The current American Journal of Psychiatry offers an editorial by J.John Mann, MD, who describes several articles in this AJP that contribute toward furthering our understanding about suicide and suicidal behavior. He points out that not only is suicide a major cause of death in the United States and around the world but that it is the third leading cause of death in young people in the US and the leading cause of death in young adults in China, Sweden, Australia, and New Zealand and other countries. For every suicide, there are approximately 10 suicide attempts. There continues to be an urgent need for research into the causes of suicide and suicide attempts and to strive toward the development of a scientific basis for designing national plans for suicide prevention.
One of the articles in this AJP looks at individuals with multiple suicide attempts to look for predictive markers for severe psychopathology. Researchers compared those who made a single suicide attempt to individuals who had made multiple suicide attempts using a series of self-report questionnaires and clinician-completed rating scales. Although the groups were similar in age, the multiple-attempt group occurred at a significantly earlier age than the suicide attempt in the single-attempt group. The multiple-attempt group also had greater severity of psychopathology, greater psychiatric comorbidity, and poorer functioning in terms of problem solving and interpersonal relationships.

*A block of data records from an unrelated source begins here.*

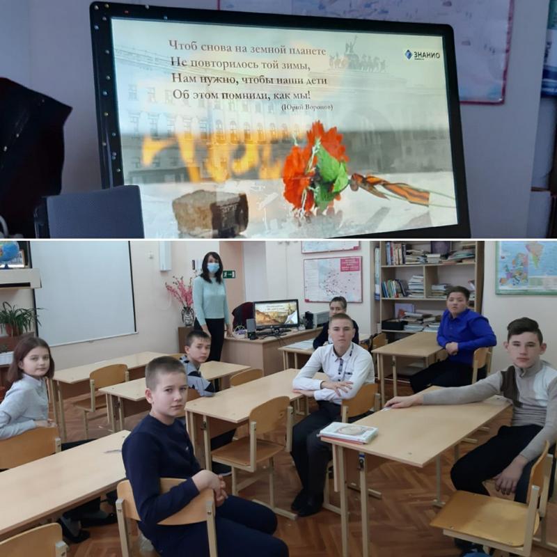 26 января 2021 года в рамках школьного месячника патриотического воспитания «Моё Отечество: я тоже частица России» классные руководители в своих классах провели тематические классные часы, посвящённые Дню воинской славы –Дню полного освобождения Ленинграда от фашистской блокады.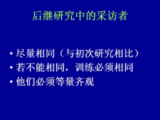 任何后继研究中的问题之一即是采访者。如果后继研究延长,采访者可能不同,即使相同他们也可能更高效或者仅仅会在提问的方式上有所不同。所以,同样问卷的两次应用可能不具可比性。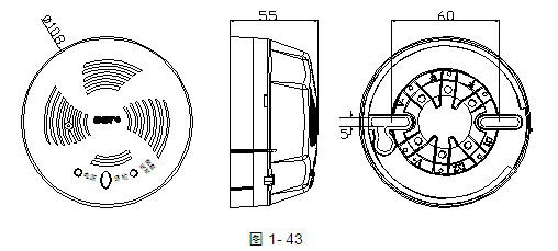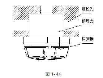 首先將探測器底座固定在86H50預(yù)埋盒上,然后根據(jù)接線端子說明,將引線固定到底座上,再將探測器安裝到底座上,其安裝示意圖如圖1-44所示。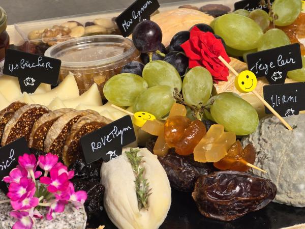 Exclusieve kazen afgewerkt met druiven, gedroogde vruchten, exclusief gekonfijt fruit, studentenhaver, confituur, siroop, gembersnippers.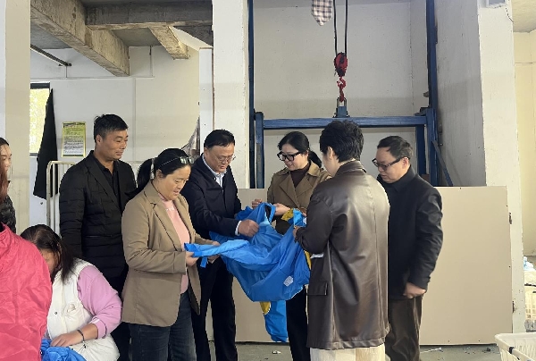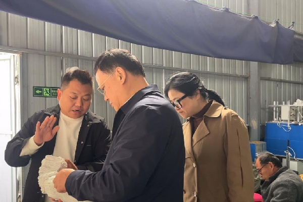 在劳楼行政村走进返乡创业纺织服务企业的生产车间,机器运转声此起彼伏,工人们正忙着分拣、加工纺织原料。张洪纲主任与企业负责人并肩查看生产流程,询问订单数量、用工成本、带贫成效等情况,当听到 “企业+车间+农户”模式,已带动35余户村民实现“家门口就业”,并让15户老人居家“翻袜子”“不出门增收”时,他嘱咐劳楼村第一书记李雯霞要牢牢抓住乡村振兴的政策机遇,积极协助返乡创业人员扩大生产规模,协调村里闲置场地用于车间扩容,优先吸纳脱贫户、残疾人、家庭劳动力,拓宽就业覆盖范围,让村级企业真正成为带动村民稳定增收的“主力军”。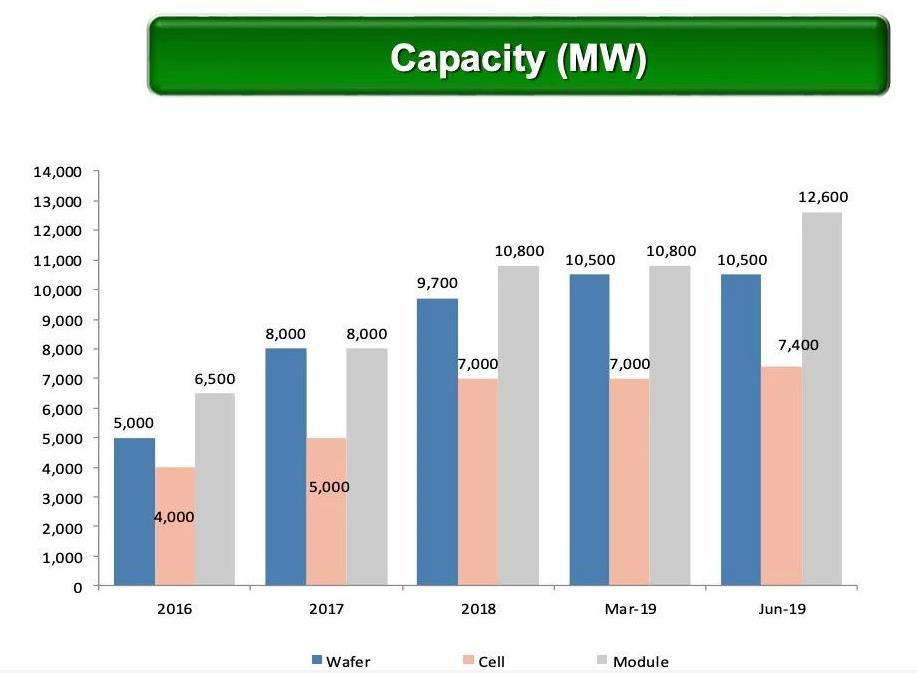 “我们加速高效单晶产能的扩张,以满足增长中的全球需求。乐山新项目预计年底单晶产能将达5吉瓦,二期产能扩张完成后公司总产能将达到16.5吉瓦。截至2019年6月30日,公司的硅片、电池片和组件产能分别达到10.5吉瓦、7.4吉瓦和12.6吉瓦。预期2019年年底,公司的硅片、电池片和组件产能将分别达到15吉瓦、10.5吉瓦和16.0吉瓦,其中包括11.5吉瓦的单晶硅片产能,9.7吉瓦的PERC电池产能和800兆瓦的N型电池产能。”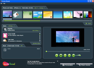muvee Reveal sẽ tự động tạo ra một bộ phim thú vị từ tất cả tập tin ảnh của bạn. Chỉ cần lựa chọn video và hình ảnh. Sau đó, chọn lựa một mẫu Style sao cho phù hợp với mong muốn của mình. Tiếp theo, hoàn chỉnh câu chuyện của bạn bằng cách sử dụng các bảng thiết kế chuyên nghiệp, lựa chọn phông chữ và chú thích.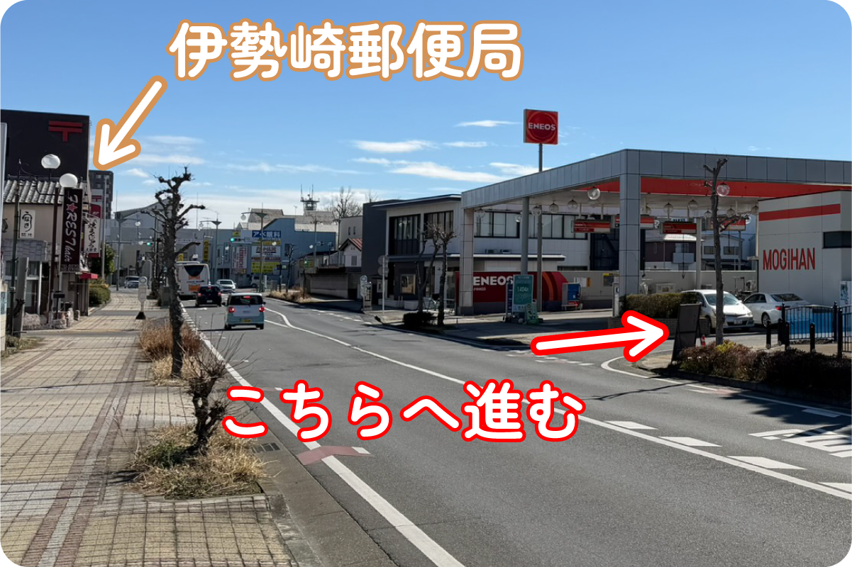 郵便局の西側にあるガソリンスタンドの脇の道を、南方向へお進みください。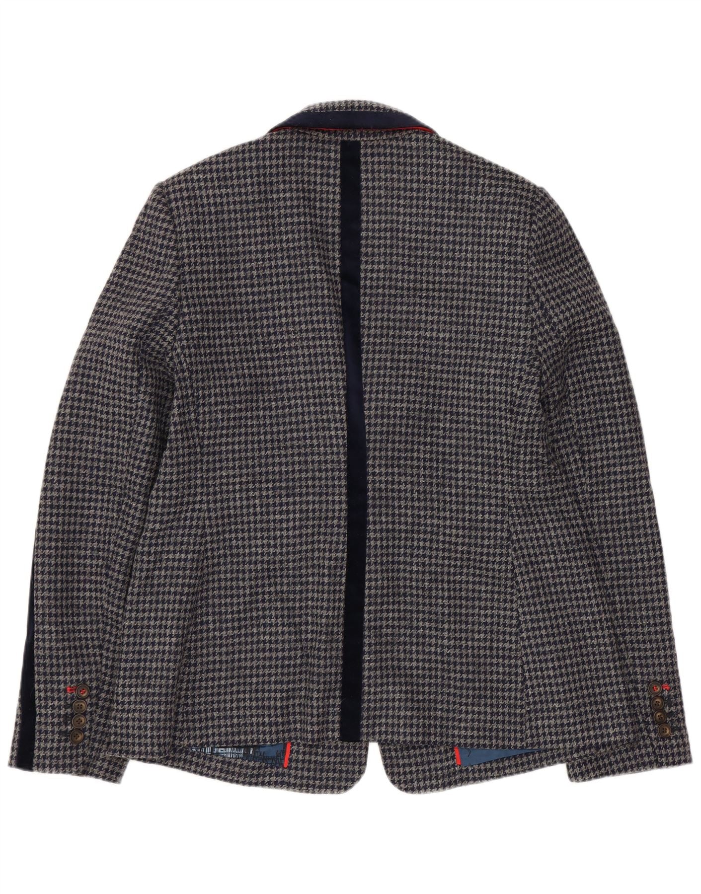 BODEN Damska marynarka zapinana na 1 guzik UK 14, duża, granatowa, wełniana pepitka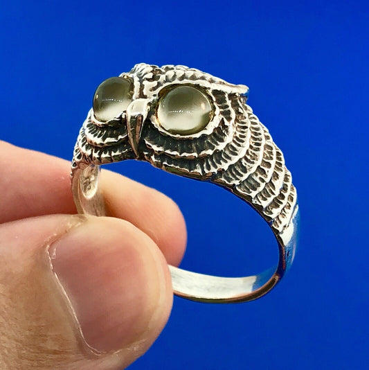 Artisan Sterling Silver Mens Moonstone Owl Textured Wisdom Prophecy Dome Ring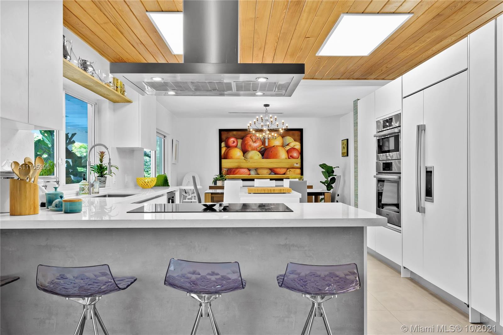 Stunning completely redone 5BR/4.5BA home. This beautiful home is finished to perfection with an excellent split plan design and inviting indoor/outdoor living. A spacious layout that includes a new Kitchen with Bosch appliances, SubZero refrigerator, overlooking the pool & patio area. Formal living/dining room which have views access to the covered patio/pool area & private garden with tropical design landscaping. Expansive master suite with big sitting area or private den, walk-in closet, master bathroom with a view from shower to the tropical landscape & pool. A second master bedroom, 3 bedrooms and 2 full bathrooms, one with access to the pool. The house was completely redone in 2019 including new electrical system, plumbing, a/c units, impact windows, metallic roof, new generator.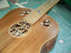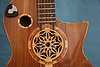 Dessus en cèdre avec touche d'ébène. Pont en bois de rose, dos et côtés en érable frisé. Joint : à la 12e frett. Zéro Frett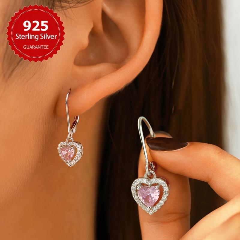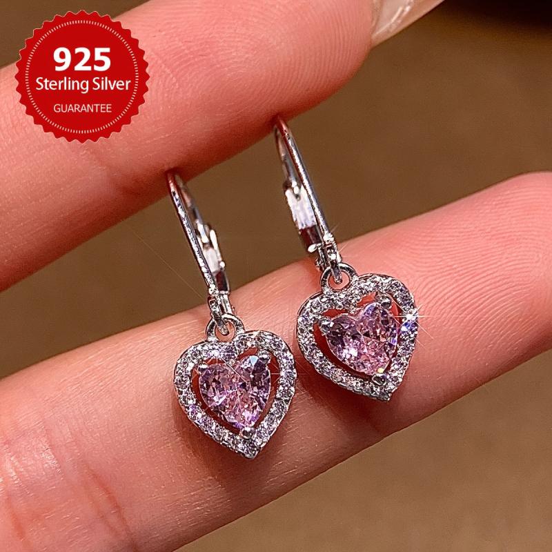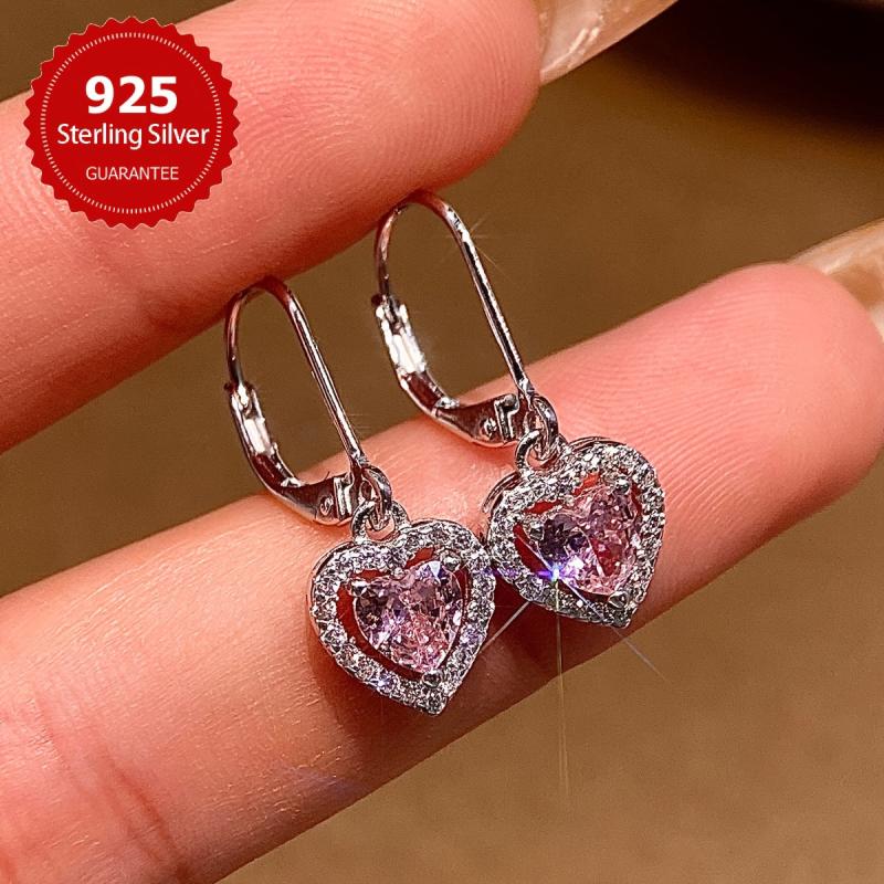 These elegant hollow heart pendant earrings are made of pure s925 silver and feature sparkling zirconia stones. They weigh approximately 2.6 grams, making them lightweight and comfortable to wear.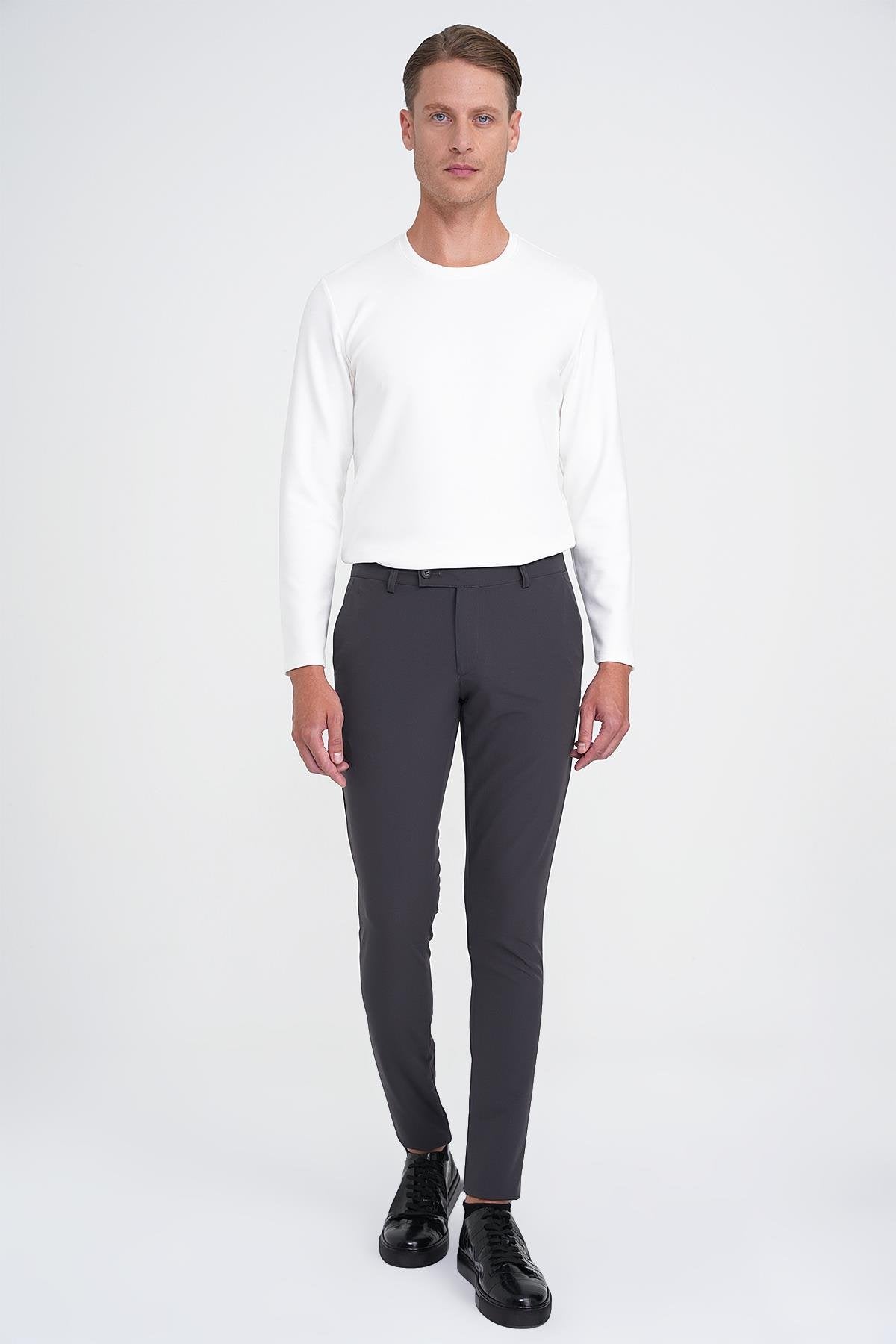 P 1144 Slim Fit Yan Cepli Düz Esnek Casuel Antrasit Pantolon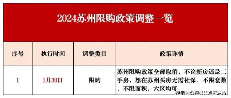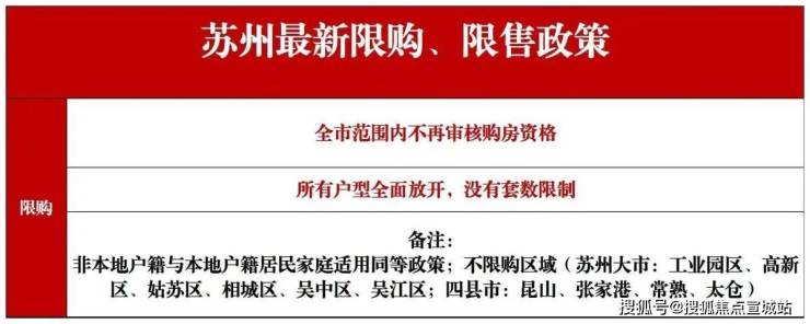 限购、限售政策今年1月30日开局,超级史诗级利好落地。苏州全面放开限购,全市范围内不再审核购房资格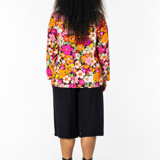 - Farverigt blomstermønster i orange og pink på sort baggrund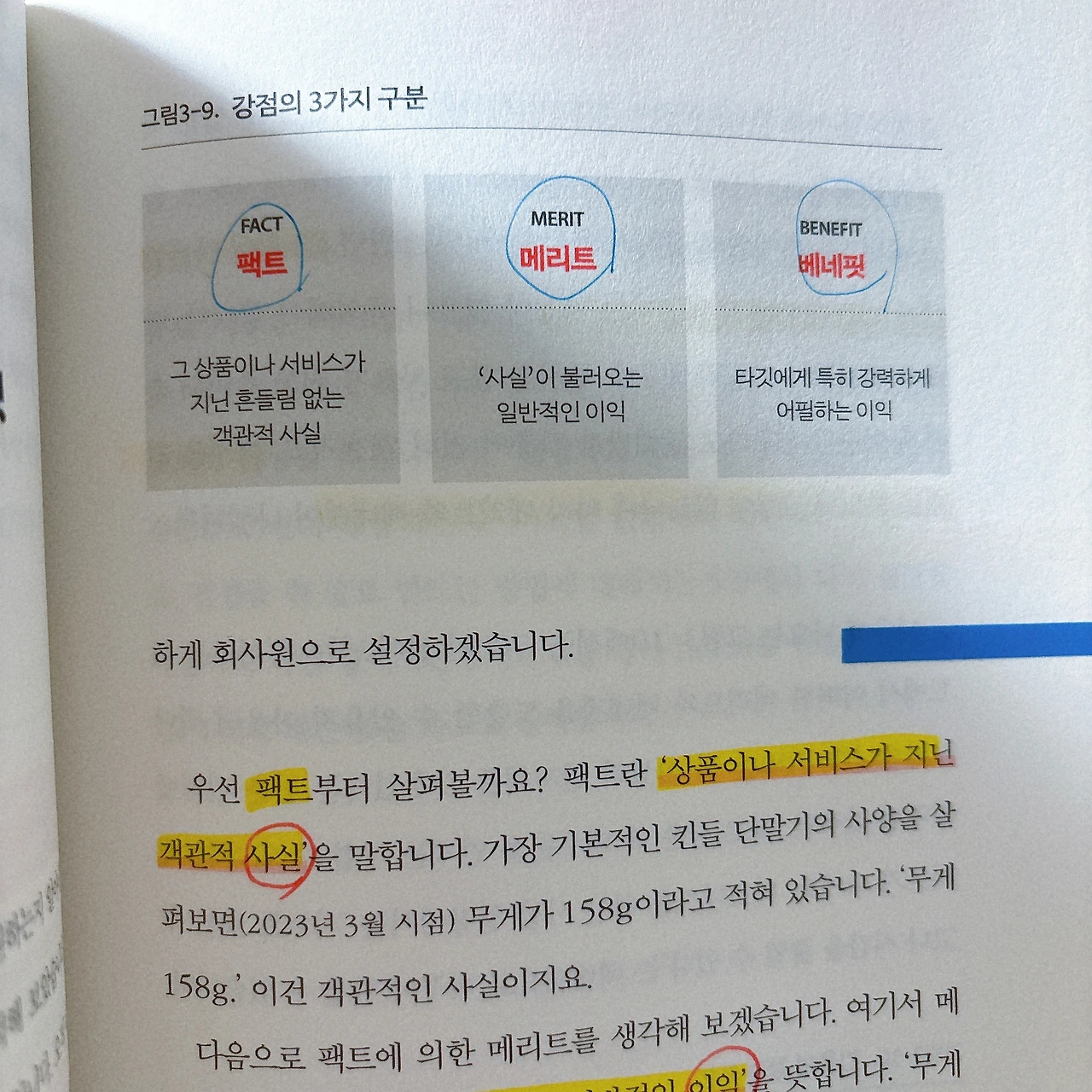팩트, 메리트, 베네핏을 세 가지로 나누어 설명한 부분도 인상 깊었다. 단순히 정의를 나열하는 데 그치지 않고, 독자가 자신의 사례를 자연스럽게 대입해볼 수 있도록 풀어낸다. 생각보다 많은 프로덕트와 비즈니스가 이런 요소들을 명확히 정리하지 않은 채 출발한다는 사실이 떠올랐다.

This result is inconsistent with previous research that suggests that it is the subjective severity of depression that distinguishes suicide attempters from nonattempters and the authors suggest a kindling effect. That each time the suicidal mode becomes activated, it becomes increasingly accessible in memory and requires less triggering stimuli to become activated the next time.
Race as a Variable
The other studies continued to look at the factors related to suicide from Health studies. Data from the US National Mortality Followback Survey was used to compare factors related to completed suicide in African Americans versus Caucasians. In addition to demographic variables, clinical variables in the assessment included antisocial behavior, substance abuse, depressive symptoms, and psychotic symptoms. The results found very few differences between white and black suicide groups. Four items distinguished suicides in both groups from accidents: death ideation, suicidal ideation, bizarre behavior, and withdrawn behavior. The use of marijuana, community complaints about antisocial behavior and problem drinking, were more frequent in white than in black subjects.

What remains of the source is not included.